Exercise goal ::
Skipping all pictures, print exactly the lines below from the one with "Hand Beaded Glass" through the final line.

Data entries
────────
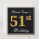 Invitation Elégant, Noir, Faux Or 51ème Anniversaire + Nom
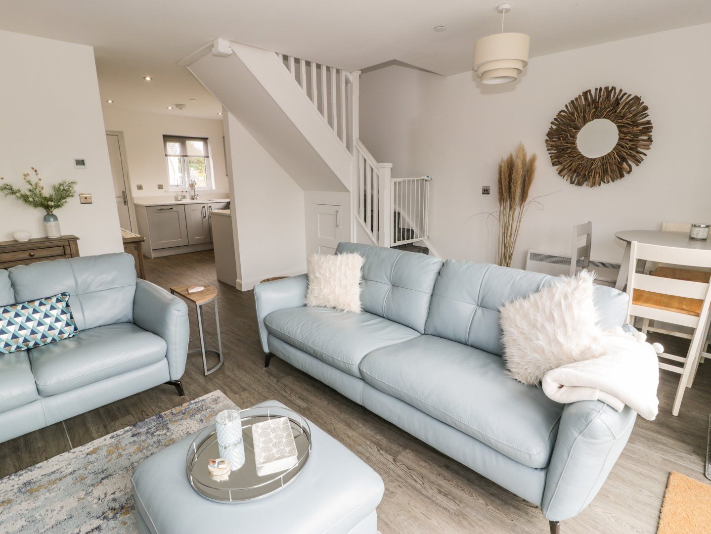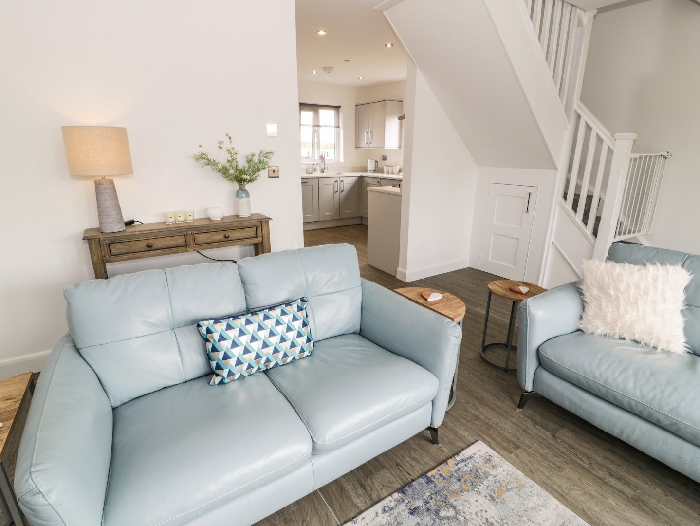 Three bedrooms: 1 x ground-floor king-size with en-suite walk-in shower, basin, heated towel rail and WC, 1 x king-size with Juliet balcony, 1 x king-size. Bathroom with bath, shower over, basin, heated towel rail and WC. Kitchen. Living/dining room
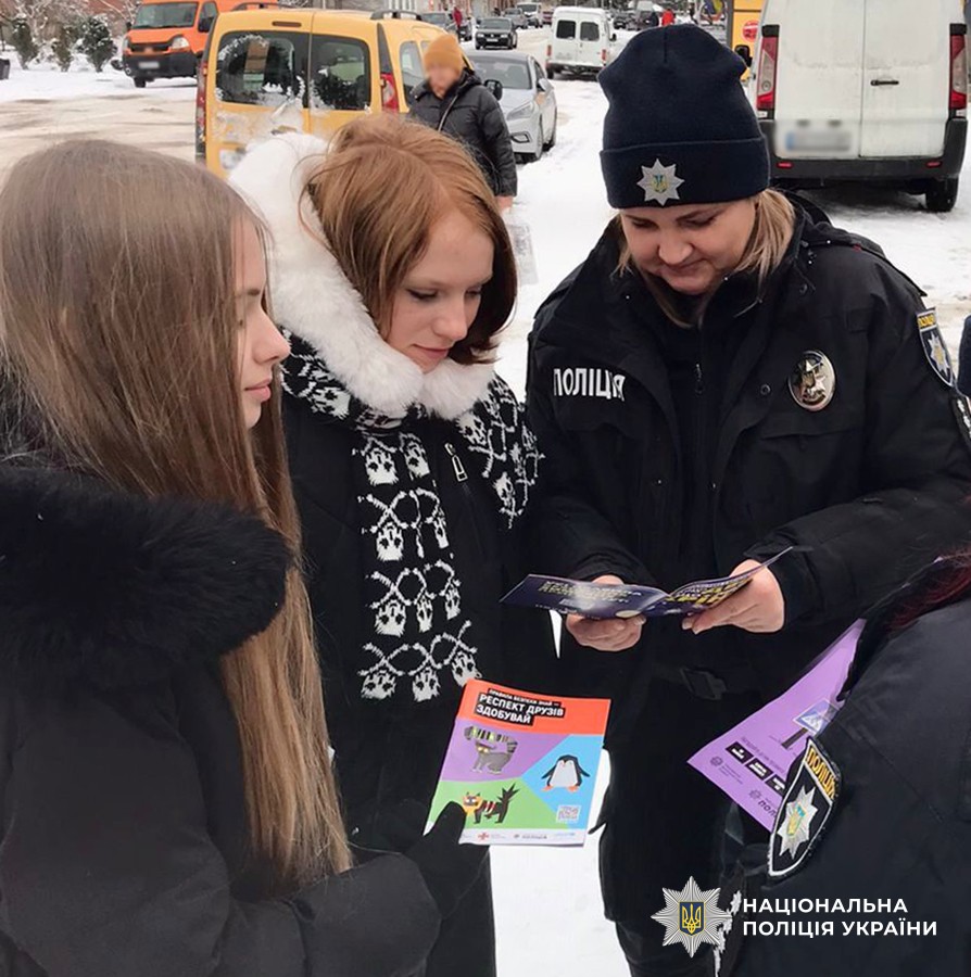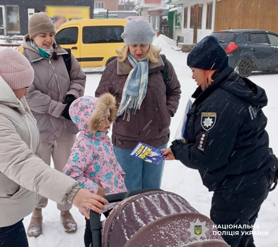 Окремо поліцейські наголосили батькам на необхідності контролювати дозвілля дітей та дбати про їх безпеку. Всім співрозмовникам вручили інформаційні матеріали з порадами, як уникнути травм у зимовий період.
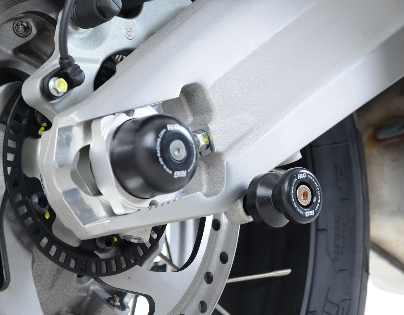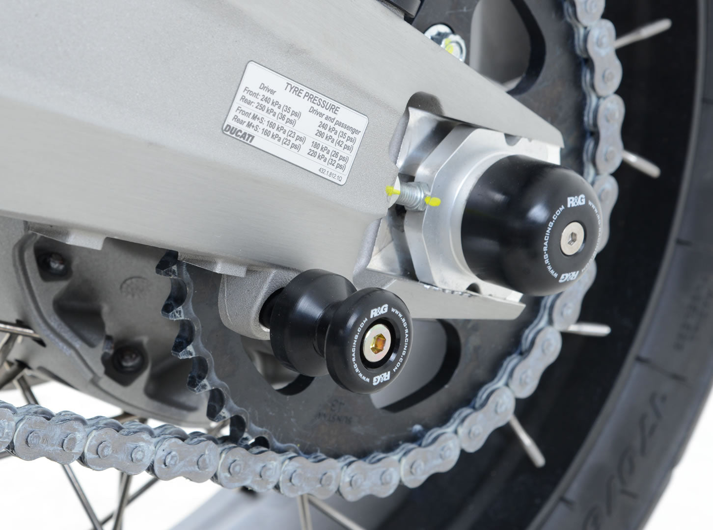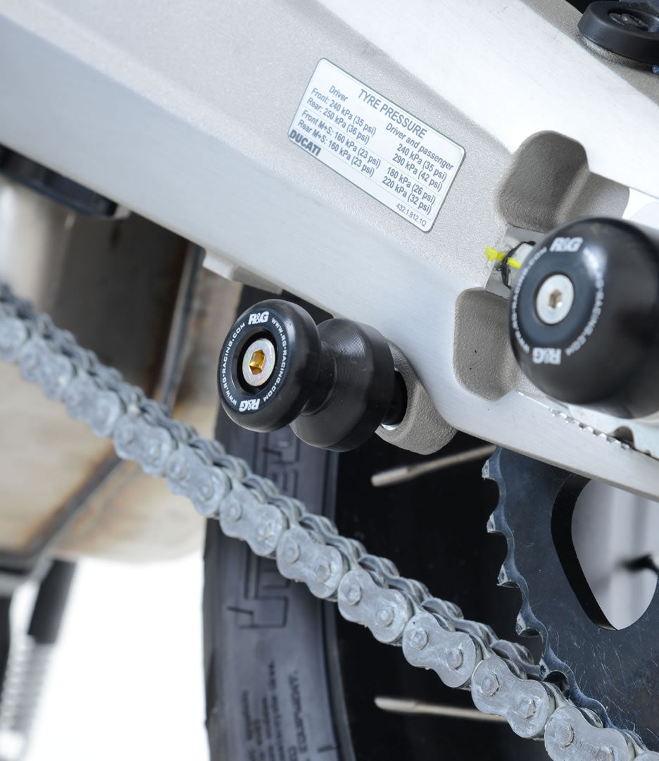 Are they cotton reels or spindle sliders? Well they are both really!! The Cotton Reel protects the swingarm and swingarm core components in the event of a crash or drop, but also double up as paddock stand bobbins. Allowing the motorcycles rear wheel to be lifted into the air via a paddock stand to performance chain adjustment, tyre changes and cleaning! This particular pair of R&G Cotton Reels are compatible with the Ducati Multistrada 1200 Enduro '16 & Multistrada 950 '17-19. Please Note: Swingarm Protectors (shown through rear spindle) IS NOT included but is available seperately (SKU: SP0054BK).
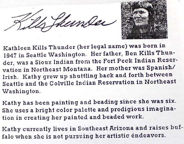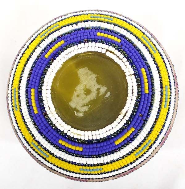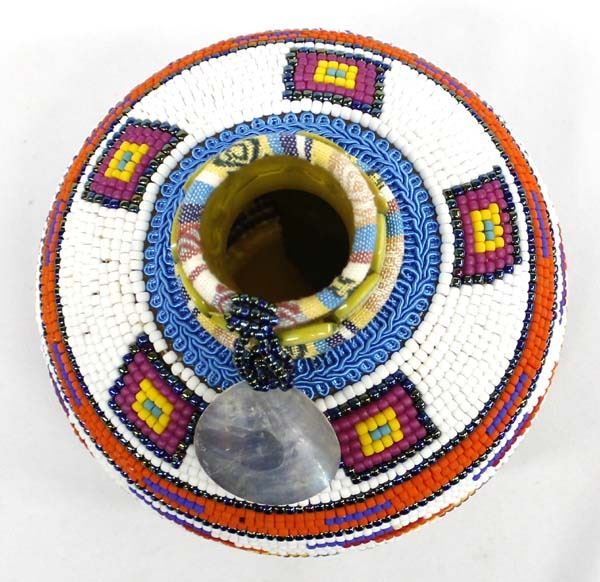Hand Beaded Glass Vase by Kathy Kills Thunder, measures 6.5'' x 7'', embellished with bead and shell dangle, embellished with rolled cloth coils and green beads, Artist Bio: Kathleen Kills Thunder (her legal name) was born in 1947 in Seattle, WA. Her father, Ben Kills Thunder, was a Sioux Indian from the Fort Peck Indian Reservation in NE Montana and her mother was Spanish/Irish. Kathy has been painting and beading since she was six.
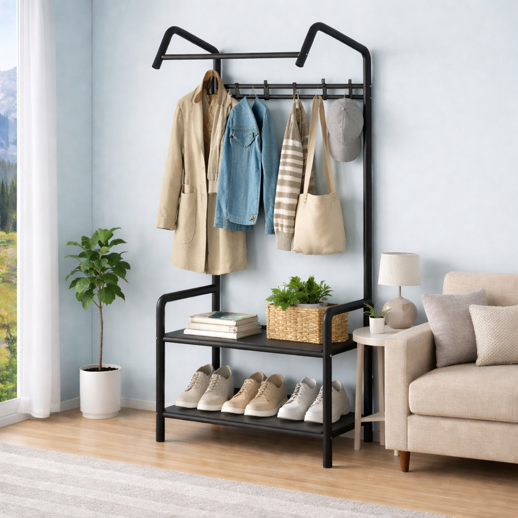 Datorita combinatiei dintre bara pentru haine si polita pentru incaltaminte, ofera o solutie practica de depozitare chiar si in spatii restranse.
────────
Output for this exercise ::
Hand Beaded Glass Vase by Kathy Kills Thunder, measures 6.5'' x 7'', embellished with bead and shell dangle, embellished with rolled cloth coils and green beads, Artist Bio: Kathleen Kills Thunder (her legal name) was born in 1947 in Seattle, WA. Her father, Ben Kills Thunder, was a Sioux Indian from the Fort Peck Indian Reservation in NE Montana and her mother was Spanish/Irish. Kathy has been painting and beading since she was six.
 Datorita combinatiei dintre bara pentru haine si polita pentru incaltaminte, ofera o solutie practica de depozitare chiar si in spatii restranse.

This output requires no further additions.